▸ Exercise objective: Reproduce word for word the lines between the one containing "Pleated Jumpsuit with" and the end of the entries below, both inclusive; leave out pictures.

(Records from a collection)
※

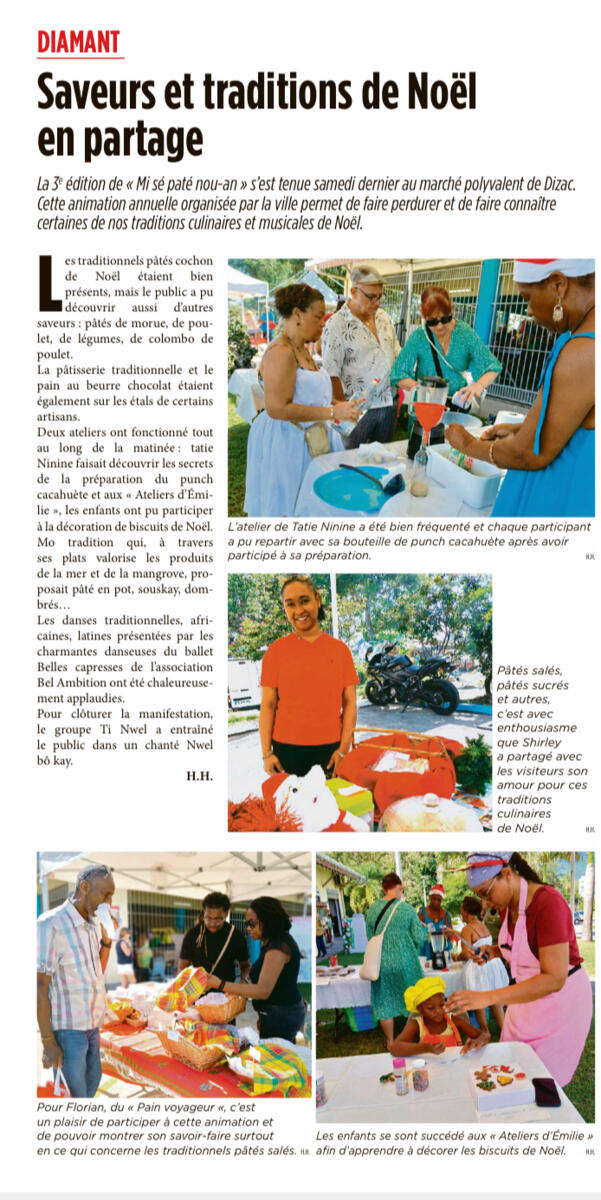 📰Dans son édition du mercredi 17 décembre 2025, le quotidien France-Antilles Martinique consacre un article sur la tenue de la 3ème édition de la manifestation "𝑴𝒊 𝑺𝒆́ 𝑷𝒂𝒕𝒆́ 𝑵𝒐𝒖-𝑨𝒏" organisée par la Municipalité au Marché Polyvalent de Dizac, le samedi 13 décembre 2025.
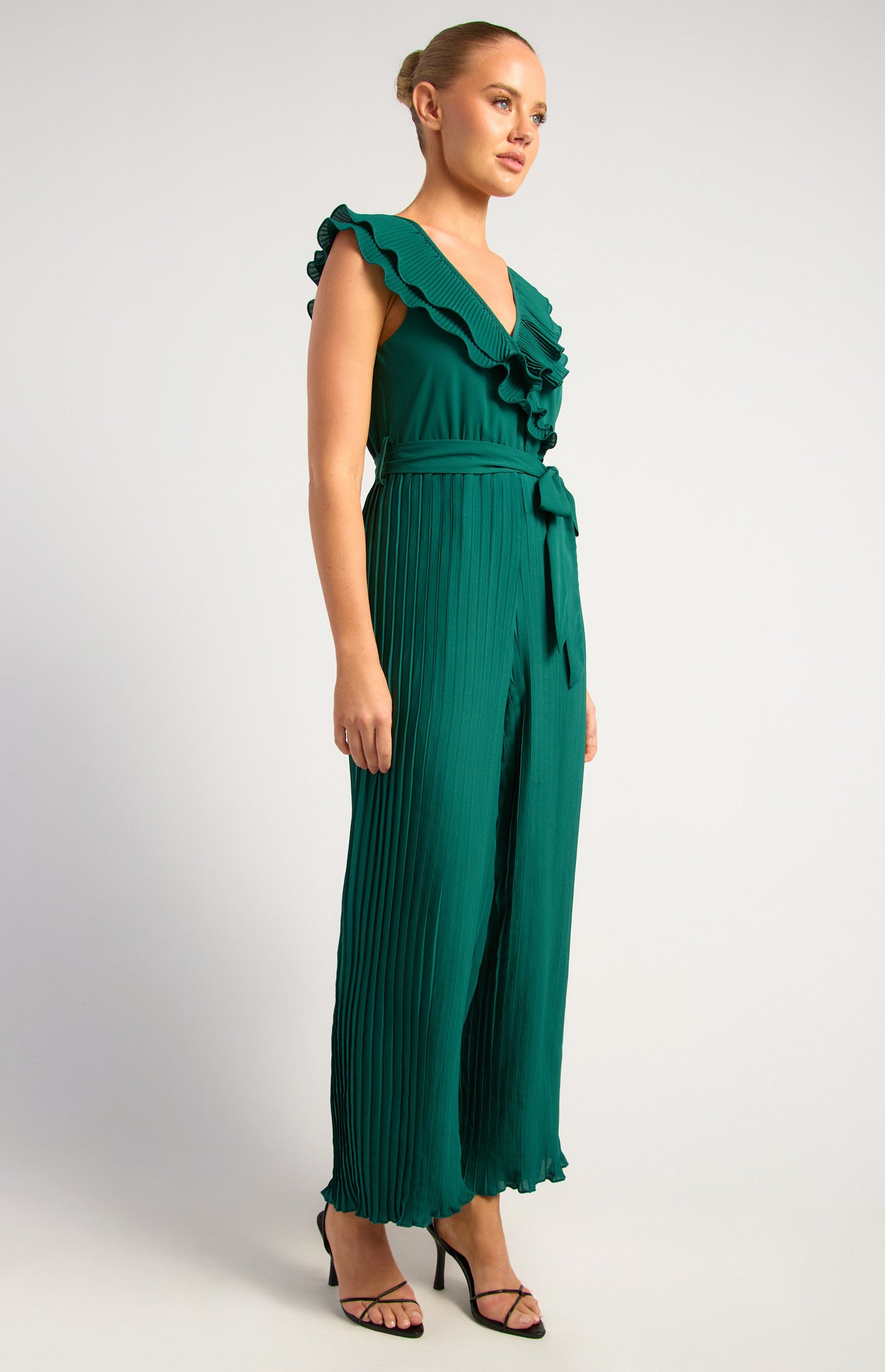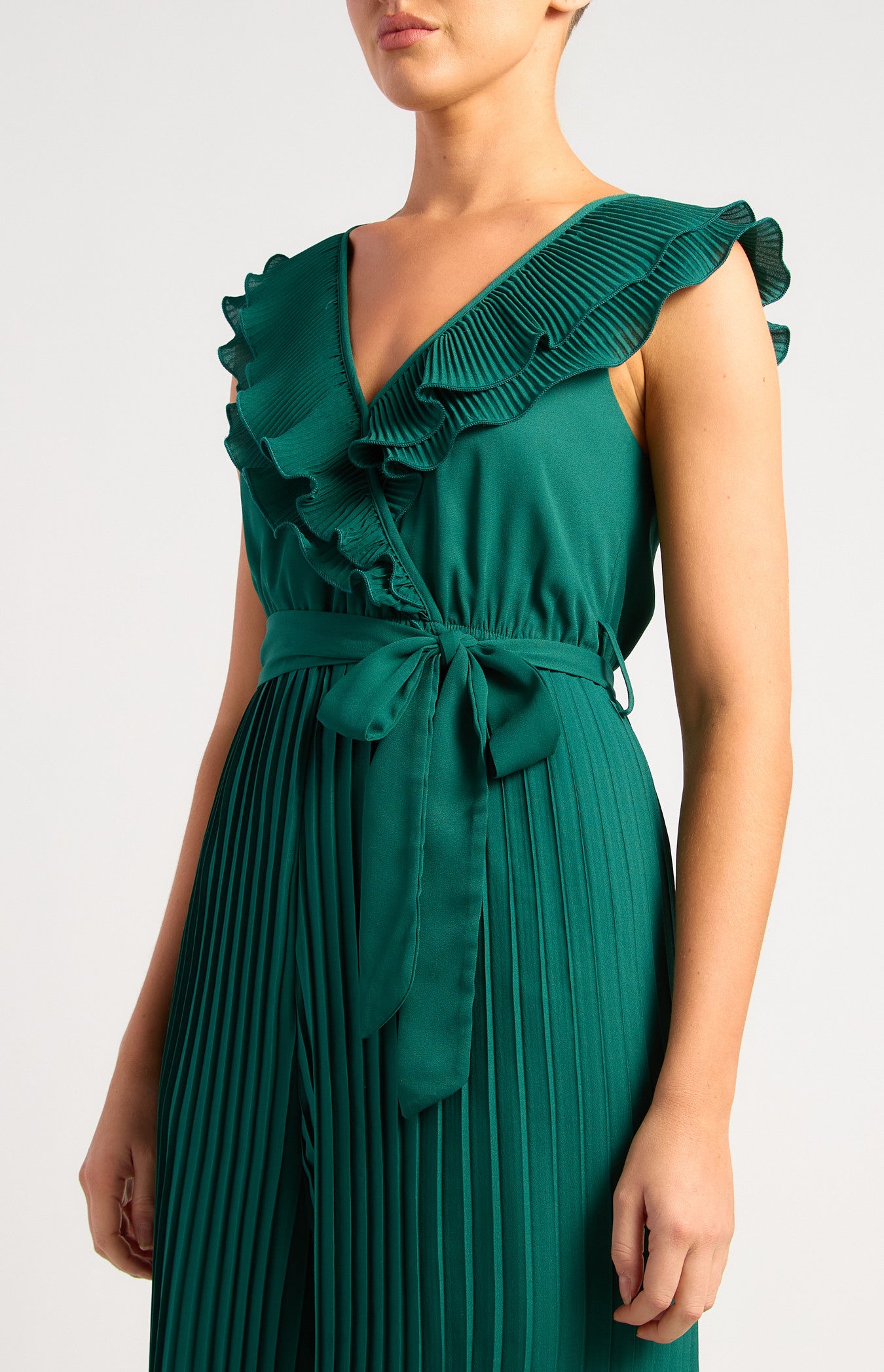Pleated Jumpsuit with Double Frill Neckline Feature
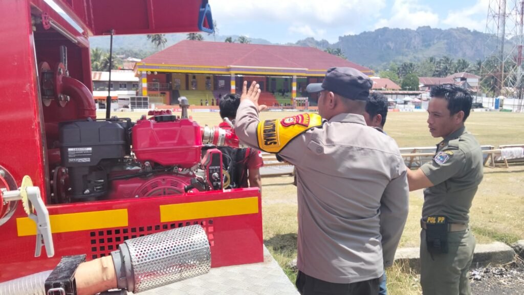 narasibijak.com, Enrekang – Polsek Alla bersama Dinas Pemadam Kebakaran (Damkar) melaksanakan kegiatan simulasi penggunaan mobil pemadam kebakaran sebagai upaya meningkatkan kesiapsiagaan dalam penanganan bencana kebakaran. Kegiatan ini berlangsung di Lapangan Sepak Bola Belajen, Kelurahan Kambiolangi, Kecamatan Alla, Kabupaten Enrekang.
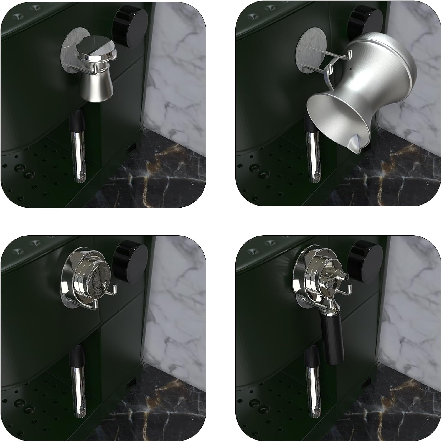 - Wall hanging hooks with a front fence design to prevent the coffee handle from falling out.
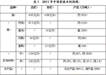 中国是世界上最大的食品动物养殖国,养殖规模大,养殖密度高,环境污染严重。据国家统计局,2011年中国肉类总产量7958万吨、奶3810万吨、禽蛋2811万吨、毛类45.5万吨、淡水产品2695.2万吨,具体如表1所示。
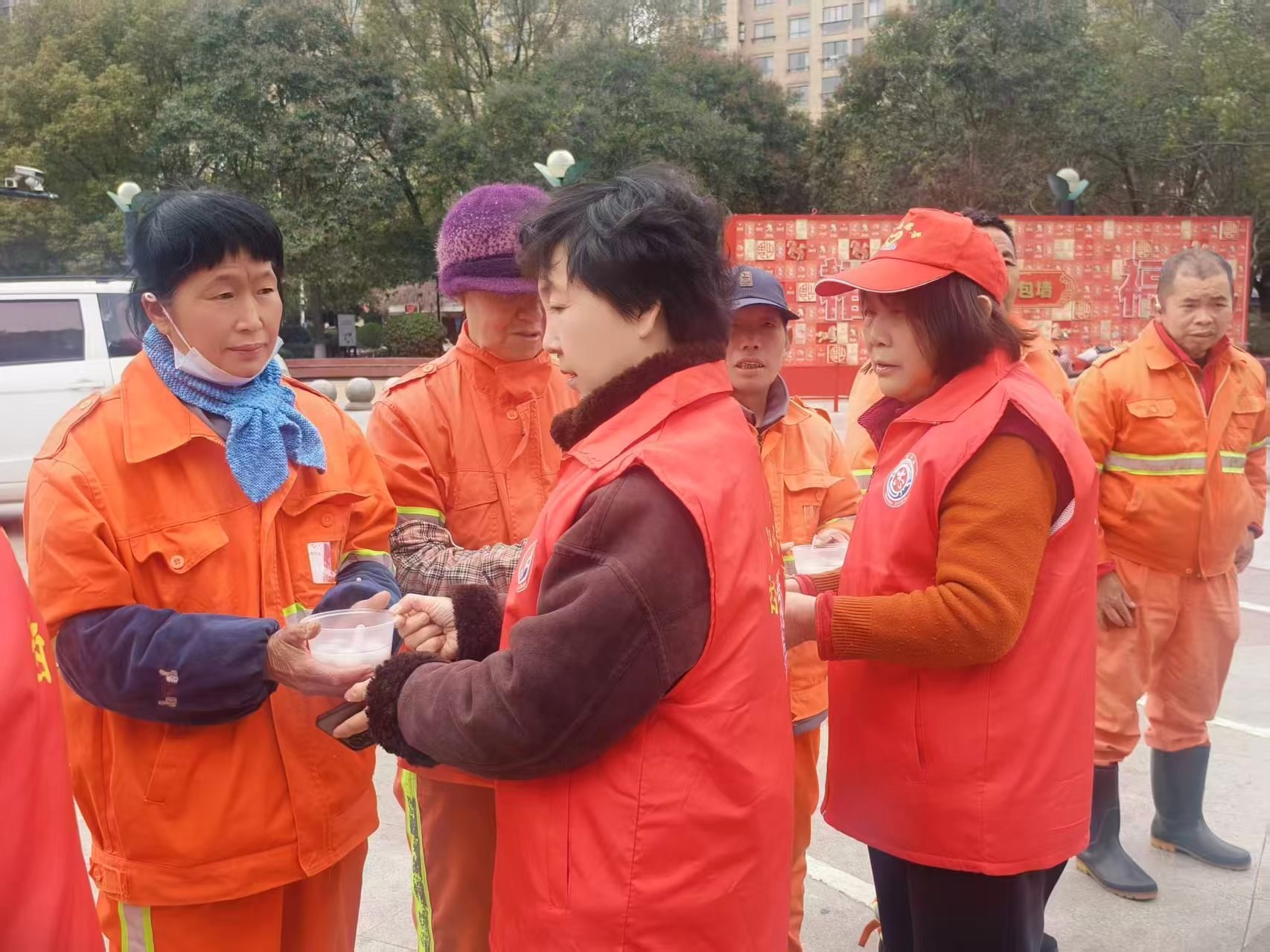 3月3日,岱山“东海渔嫂”将热腾腾的汤圆送到快递员、外卖小哥、环卫工人等一线工作者手中

※

▸ Exercise answer:
Pleated Jumpsuit with Double Frill Neckline Feature
 narasibijak.com, Enrekang – Polsek Alla bersama Dinas Pemadam Kebakaran (Damkar) melaksanakan kegiatan simulasi penggunaan mobil pemadam kebakaran sebagai upaya meningkatkan kesiapsiagaan dalam penanganan bencana kebakaran. Kegiatan ini berlangsung di Lapangan Sepak Bola Belajen, Kelurahan Kambiolangi, Kecamatan Alla, Kabupaten Enrekang.
 - Wall hanging hooks with a front fence design to prevent the coffee handle from falling out.
 中国是世界上最大的食品动物养殖国,养殖规模大,养殖密度高,环境污染严重。据国家统计局,2011年中国肉类总产量7958万吨、奶3810万吨、禽蛋2811万吨、毛类45.5万吨、淡水产品2695.2万吨,具体如表1所示。
 3月3日,岱山“东海渔嫂”将热腾腾的汤圆送到快递员、外卖小哥、环卫工人等一线工作者手中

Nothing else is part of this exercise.